What this task involves:
Once you reach the line containing "Skid plate for" in the data below, restate each line word for word up to and including the one containing "세트메뉴로 함께 할 수 있는 쫄뱅이나, 치빵파티".

Items listed in a dataset:
====
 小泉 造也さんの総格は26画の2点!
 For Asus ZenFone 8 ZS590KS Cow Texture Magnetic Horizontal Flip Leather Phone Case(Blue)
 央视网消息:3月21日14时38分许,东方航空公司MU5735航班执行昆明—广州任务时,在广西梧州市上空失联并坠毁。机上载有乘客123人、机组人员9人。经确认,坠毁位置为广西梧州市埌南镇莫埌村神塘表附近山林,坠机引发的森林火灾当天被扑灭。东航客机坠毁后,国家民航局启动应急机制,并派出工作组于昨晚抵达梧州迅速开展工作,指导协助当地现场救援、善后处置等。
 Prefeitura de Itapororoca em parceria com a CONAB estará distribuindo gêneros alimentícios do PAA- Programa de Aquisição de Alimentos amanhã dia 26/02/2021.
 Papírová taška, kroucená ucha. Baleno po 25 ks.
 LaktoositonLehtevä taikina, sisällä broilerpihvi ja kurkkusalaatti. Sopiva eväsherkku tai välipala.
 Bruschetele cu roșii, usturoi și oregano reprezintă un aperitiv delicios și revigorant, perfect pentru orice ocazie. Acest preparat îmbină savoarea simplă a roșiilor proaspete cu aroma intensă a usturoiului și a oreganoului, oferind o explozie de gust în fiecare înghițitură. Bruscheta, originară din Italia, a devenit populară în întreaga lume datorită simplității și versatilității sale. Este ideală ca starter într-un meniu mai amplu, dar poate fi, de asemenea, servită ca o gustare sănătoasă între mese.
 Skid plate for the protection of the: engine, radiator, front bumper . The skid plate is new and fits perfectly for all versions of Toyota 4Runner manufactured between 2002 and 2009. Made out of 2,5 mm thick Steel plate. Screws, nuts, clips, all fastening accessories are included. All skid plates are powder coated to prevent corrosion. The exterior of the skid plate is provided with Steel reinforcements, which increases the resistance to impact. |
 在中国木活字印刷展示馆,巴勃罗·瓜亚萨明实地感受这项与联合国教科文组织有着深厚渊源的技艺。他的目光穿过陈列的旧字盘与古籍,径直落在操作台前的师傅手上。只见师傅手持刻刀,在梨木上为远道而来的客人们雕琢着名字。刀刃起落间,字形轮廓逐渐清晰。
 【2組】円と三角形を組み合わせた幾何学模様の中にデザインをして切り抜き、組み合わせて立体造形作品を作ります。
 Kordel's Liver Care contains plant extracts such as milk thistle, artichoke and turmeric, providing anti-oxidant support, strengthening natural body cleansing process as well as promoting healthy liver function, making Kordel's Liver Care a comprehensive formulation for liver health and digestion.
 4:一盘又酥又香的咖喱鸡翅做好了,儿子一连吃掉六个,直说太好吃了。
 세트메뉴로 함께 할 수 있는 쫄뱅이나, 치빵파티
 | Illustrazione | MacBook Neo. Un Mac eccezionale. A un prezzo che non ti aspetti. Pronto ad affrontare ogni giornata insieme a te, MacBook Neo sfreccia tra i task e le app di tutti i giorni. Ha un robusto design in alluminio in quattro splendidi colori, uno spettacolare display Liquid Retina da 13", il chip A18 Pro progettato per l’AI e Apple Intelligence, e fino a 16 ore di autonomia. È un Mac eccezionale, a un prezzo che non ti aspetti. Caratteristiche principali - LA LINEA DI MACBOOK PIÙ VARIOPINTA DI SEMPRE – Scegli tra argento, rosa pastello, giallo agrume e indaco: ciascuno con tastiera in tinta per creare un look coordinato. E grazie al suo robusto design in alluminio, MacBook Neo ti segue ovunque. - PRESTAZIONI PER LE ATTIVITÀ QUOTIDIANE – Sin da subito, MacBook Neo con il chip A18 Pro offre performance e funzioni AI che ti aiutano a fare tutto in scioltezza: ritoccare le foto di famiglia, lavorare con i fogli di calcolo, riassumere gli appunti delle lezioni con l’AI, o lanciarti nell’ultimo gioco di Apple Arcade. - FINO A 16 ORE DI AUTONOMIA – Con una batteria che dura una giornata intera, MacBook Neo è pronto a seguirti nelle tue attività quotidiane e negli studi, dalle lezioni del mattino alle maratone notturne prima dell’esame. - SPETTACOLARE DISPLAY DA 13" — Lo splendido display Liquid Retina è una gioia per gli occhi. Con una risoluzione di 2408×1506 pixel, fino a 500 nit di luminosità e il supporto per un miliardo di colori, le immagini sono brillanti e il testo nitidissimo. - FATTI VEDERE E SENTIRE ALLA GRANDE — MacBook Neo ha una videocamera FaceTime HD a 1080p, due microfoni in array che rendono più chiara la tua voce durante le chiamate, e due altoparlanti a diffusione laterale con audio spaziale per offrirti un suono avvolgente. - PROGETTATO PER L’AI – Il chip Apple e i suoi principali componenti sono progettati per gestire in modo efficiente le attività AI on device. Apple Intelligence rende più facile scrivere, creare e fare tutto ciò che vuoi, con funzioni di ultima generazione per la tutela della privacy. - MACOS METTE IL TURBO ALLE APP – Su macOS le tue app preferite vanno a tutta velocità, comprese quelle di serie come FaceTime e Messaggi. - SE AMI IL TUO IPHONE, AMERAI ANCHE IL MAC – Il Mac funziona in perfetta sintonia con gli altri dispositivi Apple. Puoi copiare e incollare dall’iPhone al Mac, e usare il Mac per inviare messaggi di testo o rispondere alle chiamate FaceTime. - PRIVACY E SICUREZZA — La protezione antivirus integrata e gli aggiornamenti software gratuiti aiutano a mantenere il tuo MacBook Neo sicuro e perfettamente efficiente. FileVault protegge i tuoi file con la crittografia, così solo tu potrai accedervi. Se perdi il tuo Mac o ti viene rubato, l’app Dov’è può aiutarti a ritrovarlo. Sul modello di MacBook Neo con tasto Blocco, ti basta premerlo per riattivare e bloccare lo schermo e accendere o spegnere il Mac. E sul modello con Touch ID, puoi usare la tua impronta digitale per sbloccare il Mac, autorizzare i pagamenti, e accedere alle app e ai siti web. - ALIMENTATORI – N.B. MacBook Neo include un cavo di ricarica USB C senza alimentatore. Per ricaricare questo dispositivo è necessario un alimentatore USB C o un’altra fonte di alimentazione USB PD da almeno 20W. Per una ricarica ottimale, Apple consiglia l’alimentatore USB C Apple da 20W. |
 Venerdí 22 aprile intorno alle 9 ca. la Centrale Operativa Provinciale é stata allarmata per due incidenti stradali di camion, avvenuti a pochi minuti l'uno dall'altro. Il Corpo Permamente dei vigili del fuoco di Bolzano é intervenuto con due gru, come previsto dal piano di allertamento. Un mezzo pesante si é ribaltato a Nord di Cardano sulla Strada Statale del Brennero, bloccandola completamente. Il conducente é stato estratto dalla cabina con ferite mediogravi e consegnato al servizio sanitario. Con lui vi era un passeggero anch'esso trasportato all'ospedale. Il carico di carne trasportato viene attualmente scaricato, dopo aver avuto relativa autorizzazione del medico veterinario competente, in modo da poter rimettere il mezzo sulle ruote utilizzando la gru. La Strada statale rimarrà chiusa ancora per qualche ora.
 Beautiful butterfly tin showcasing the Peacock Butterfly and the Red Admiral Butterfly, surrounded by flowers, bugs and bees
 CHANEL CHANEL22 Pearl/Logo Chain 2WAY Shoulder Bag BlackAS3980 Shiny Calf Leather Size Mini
====
Answer to this task:
 Skid plate for the protection of the: engine, radiator, front bumper . The skid plate is new and fits perfectly for all versions of Toyota 4Runner manufactured between 2002 and 2009. Made out of 2,5 mm thick Steel plate. Screws, nuts, clips, all fastening accessories are included. All skid plates are powder coated to prevent corrosion. The exterior of the skid plate is provided with Steel reinforcements, which increases the resistance to impact. |
 在中国木活字印刷展示馆,巴勃罗·瓜亚萨明实地感受这项与联合国教科文组织有着深厚渊源的技艺。他的目光穿过陈列的旧字盘与古籍,径直落在操作台前的师傅手上。只见师傅手持刻刀,在梨木上为远道而来的客人们雕琢着名字。刀刃起落间,字形轮廓逐渐清晰。
 【2組】円と三角形を組み合わせた幾何学模様の中にデザインをして切り抜き、組み合わせて立体造形作品を作ります。
 Kordel's Liver Care contains plant extracts such as milk thistle, artichoke and turmeric, providing anti-oxidant support, strengthening natural body cleansing process as well as promoting healthy liver function, making Kordel's Liver Care a comprehensive formulation for liver health and digestion.
 4:一盘又酥又香的咖喱鸡翅做好了,儿子一连吃掉六个,直说太好吃了。
 세트메뉴로 함께 할 수 있는 쫄뱅이나, 치빵파티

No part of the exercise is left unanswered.